I thank all noble Lords who have contributed to this notable debate—notable not just for its quality but for the rare and even forceful unanimity that it evoked among nearly all lawyers who spoke. I exempt, of course, the Minister, who was paid, or possibly not paid, for taking the opposing view.
I thought that the noble and learned Lord, Lord Etherton, put it most pithily when he said that the presumption was unnecessary, wrong in principle and potentially dangerous in practice. He was swiftly outdone by the noble and learned Lord, Lord Judge, who, if I may say so, correctly described it as a presumption on favour of the wrongdoer—the person against whom a quashing order is to be made. Even the noble Lord, Lord Faulks, who attempted a characteristically fair-minded defence of the presumption, confessed that he was not persuaded that it was necessary.
Of its necessity, I was not persuaded by the Minister in his speech. He still seemed unsure whether it is a presumption at all—but if it is not a presumption, what on earth is it, save for a sort of fertiliser for, as he put it, encouraging the growth of jurisprudence, which I think we are all agreed it would be? I hope that the Minister is right that “adequate redress” is broader than “effective remedy”, but, sadly, neither his words, or still less mine, are any substitute for the authoritative judicial ruling that would no doubt take great time and effort to achieve.
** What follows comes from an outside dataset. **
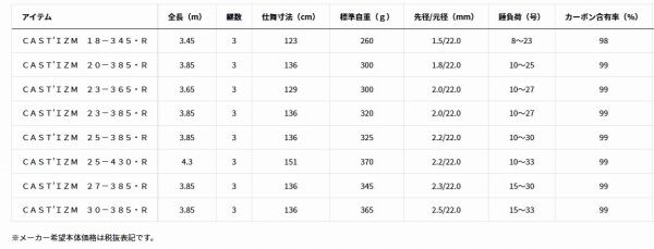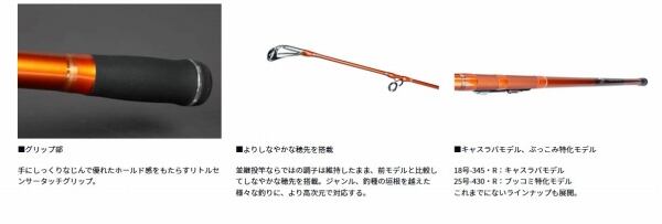 もっと遠くへ。その思いを叶えるべく投竿のノウハウを活かした形にした「CAST’IZM」。釣りのボーダーレス化に対応し、自由な発想で「投げる」釣りを愉しむためのライトコンセプト。並継ならではの調子と遠投性能に加え、さらにしなやかになった穂先は幅広い魚種に対応する。新たな提案となるキャスラバ対応モデル(18-345)や長尺モデル(25-430)もラインナップ。

These subsections are not something that we should have in this Bill, and they would be a damaging precedent for other Bills.
Finally, we are in the extraordinarily privileged position in this Committee to hear from very senior judges whose lives have been devoted to the interpretation of such laws what the practical defects of proposed laws would be. I hope that we will not only hear them but act accordingly when, as we surely will, we come back to this on Report. In the meantime, I beg leave to withdraw the amendment.